The author of ChatGPT also acknowledged the obvious fact that the announcers and researchers involved in the training process may not fully represent all potential end users of the language model.
In addition to this obvious "endogenous" limitation, this method has some other shortcomings and problems to be solved:
Lack of control research: the reported results measure the performance of the final PPO model based on the SFT model. This may be misleading: How do you know that these improvements are due to RLHF? Therefore, it is very necessary to conduct a comparative study, including investing the same amount of time as the marked man-hours used to train the RM model, in order to create a larger selected and supervised data set with high-quality data. In this way, we can objectively measure the performance improvement of RLHF method compared with the monitoring method. In short, the lack of such a comparative study has left a fundamental question completely open: Is RLHF really doing well in the consistent language model?

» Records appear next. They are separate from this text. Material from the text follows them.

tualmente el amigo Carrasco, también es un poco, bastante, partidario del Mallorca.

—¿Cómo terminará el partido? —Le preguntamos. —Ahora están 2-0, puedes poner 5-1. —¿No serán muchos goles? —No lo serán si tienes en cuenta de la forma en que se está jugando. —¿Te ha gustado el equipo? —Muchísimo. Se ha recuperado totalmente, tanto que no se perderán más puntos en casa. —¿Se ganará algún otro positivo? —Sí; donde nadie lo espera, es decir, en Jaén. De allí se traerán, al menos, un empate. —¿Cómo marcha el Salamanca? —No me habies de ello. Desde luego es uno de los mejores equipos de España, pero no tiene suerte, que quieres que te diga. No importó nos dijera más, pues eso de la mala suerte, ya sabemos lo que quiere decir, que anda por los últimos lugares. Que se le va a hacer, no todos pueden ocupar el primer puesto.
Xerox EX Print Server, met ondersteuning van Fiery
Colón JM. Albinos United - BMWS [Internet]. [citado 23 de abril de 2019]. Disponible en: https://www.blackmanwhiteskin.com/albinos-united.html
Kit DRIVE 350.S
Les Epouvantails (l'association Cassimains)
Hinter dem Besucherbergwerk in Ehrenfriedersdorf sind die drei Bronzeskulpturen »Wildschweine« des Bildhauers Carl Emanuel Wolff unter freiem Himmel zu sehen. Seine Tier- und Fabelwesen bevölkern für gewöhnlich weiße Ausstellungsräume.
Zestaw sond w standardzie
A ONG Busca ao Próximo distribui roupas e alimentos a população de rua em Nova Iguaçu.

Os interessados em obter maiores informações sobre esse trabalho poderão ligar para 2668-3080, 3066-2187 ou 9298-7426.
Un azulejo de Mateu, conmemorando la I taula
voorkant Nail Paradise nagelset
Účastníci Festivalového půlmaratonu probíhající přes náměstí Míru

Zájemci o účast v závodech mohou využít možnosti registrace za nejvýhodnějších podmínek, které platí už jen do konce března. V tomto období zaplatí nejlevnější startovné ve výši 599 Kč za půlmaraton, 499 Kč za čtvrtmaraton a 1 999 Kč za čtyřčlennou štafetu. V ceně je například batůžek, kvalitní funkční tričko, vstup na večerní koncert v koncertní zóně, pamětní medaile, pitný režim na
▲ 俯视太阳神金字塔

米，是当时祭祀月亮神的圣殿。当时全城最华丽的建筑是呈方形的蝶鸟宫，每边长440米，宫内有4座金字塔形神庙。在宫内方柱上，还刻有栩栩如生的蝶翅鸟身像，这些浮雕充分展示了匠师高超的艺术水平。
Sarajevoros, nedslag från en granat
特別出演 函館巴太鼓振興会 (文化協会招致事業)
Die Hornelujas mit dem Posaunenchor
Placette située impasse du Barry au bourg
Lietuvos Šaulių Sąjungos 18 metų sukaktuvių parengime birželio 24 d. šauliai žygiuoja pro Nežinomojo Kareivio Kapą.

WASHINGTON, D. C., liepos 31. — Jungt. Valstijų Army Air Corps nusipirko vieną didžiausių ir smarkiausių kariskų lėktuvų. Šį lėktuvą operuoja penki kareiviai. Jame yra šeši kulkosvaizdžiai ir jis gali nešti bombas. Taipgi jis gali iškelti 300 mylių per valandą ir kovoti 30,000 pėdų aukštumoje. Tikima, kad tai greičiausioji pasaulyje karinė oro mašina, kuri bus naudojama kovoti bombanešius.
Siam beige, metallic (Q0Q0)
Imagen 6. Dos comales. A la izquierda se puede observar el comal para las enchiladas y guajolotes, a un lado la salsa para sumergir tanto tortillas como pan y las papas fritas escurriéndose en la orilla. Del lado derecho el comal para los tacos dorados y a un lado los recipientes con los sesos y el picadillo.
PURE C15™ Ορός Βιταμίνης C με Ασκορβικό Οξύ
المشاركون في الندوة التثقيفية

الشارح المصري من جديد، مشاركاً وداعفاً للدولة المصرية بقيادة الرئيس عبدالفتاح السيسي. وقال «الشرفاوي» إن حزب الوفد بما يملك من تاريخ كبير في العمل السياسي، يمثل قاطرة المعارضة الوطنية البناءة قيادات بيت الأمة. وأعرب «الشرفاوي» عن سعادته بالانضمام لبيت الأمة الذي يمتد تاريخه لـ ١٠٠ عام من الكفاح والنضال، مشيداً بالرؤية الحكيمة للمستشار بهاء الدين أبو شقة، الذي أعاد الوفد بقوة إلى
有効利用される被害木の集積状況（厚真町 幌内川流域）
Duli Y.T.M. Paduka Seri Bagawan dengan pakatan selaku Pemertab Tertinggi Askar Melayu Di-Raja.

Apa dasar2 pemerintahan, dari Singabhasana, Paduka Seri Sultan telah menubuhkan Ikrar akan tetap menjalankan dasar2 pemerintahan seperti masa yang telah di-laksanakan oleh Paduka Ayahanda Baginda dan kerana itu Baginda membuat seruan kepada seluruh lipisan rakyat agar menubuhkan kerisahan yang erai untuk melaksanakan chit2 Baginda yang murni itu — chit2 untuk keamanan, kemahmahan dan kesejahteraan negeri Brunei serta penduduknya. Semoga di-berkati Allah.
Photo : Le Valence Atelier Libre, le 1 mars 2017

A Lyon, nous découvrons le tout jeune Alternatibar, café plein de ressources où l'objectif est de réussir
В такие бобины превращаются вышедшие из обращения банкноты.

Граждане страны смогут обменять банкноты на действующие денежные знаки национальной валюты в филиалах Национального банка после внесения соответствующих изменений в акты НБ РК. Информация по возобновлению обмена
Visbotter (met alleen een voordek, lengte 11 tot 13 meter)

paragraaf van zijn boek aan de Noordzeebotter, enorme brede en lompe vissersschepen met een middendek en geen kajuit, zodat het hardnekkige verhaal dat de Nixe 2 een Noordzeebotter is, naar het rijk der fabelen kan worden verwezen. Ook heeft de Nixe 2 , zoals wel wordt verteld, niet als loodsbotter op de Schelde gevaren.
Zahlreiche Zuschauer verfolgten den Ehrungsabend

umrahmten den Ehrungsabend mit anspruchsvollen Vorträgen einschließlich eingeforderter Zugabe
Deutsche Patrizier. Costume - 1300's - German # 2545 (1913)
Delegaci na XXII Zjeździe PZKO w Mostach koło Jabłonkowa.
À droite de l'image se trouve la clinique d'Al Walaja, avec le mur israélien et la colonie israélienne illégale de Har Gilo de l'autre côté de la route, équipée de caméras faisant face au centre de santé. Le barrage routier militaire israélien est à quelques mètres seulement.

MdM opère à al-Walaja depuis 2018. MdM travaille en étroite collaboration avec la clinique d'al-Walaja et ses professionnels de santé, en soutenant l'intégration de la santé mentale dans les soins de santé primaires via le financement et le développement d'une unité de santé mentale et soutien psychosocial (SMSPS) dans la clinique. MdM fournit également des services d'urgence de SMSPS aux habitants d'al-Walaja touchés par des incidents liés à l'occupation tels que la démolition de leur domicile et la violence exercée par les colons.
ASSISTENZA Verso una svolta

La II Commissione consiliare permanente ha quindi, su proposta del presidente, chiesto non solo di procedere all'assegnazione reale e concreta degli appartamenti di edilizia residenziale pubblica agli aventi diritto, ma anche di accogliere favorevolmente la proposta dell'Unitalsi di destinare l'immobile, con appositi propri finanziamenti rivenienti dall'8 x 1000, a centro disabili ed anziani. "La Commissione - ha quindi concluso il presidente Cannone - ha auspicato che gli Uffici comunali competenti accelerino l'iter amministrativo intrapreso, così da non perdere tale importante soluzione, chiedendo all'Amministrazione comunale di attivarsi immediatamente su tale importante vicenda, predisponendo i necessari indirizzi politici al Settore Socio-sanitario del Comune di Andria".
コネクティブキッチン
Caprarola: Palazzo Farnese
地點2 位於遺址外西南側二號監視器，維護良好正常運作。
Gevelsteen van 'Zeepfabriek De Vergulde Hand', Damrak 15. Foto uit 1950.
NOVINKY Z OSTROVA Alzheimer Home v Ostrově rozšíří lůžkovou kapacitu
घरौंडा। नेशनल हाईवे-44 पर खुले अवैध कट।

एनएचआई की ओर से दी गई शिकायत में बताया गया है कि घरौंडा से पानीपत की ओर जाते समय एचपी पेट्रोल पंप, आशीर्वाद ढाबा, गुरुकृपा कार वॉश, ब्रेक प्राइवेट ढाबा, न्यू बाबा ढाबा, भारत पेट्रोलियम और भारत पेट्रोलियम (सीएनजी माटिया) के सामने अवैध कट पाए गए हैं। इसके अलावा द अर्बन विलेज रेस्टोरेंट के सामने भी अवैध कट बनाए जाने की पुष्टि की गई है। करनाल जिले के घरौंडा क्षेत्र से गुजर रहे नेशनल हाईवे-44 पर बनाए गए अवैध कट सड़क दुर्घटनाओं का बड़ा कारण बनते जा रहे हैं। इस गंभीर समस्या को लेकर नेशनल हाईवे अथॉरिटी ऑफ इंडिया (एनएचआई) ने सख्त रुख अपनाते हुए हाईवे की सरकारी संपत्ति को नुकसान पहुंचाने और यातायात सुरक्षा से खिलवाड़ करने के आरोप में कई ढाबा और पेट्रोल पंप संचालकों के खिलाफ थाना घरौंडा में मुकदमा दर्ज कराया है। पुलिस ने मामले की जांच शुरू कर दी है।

The comparative data lacks the basic fact: the announcer usually has different opinions on the ranking of the model output. Technically, the risk is to add a large variance to the comparative data without any basic facts.
Human preferences are not homogeneous: the RLHF method treats human preferences as homogeneous and static. It is obviously inaccurate to assume that all people have the same values. Although there are a lot of public values, there are still many different human perceptions in many matters.
RM model prompt stability test: no experiment shows that RM model is sensitive to the change of input prompt. If two prompts are syntactically different but semantically equivalent, can RM models show significant differences in the ranking of model outputs? How important is the quality of prompt to RM?
Other problems: In the RL method, the model can sometimes learn to control its own RM model to achieve the desired results, resulting in "over-optimization strategy". This may cause the model to re-create some patterns, which make the RM model score higher for some unknown reasons. ChatGPT fixes this by using the KL penalty item in the RM function.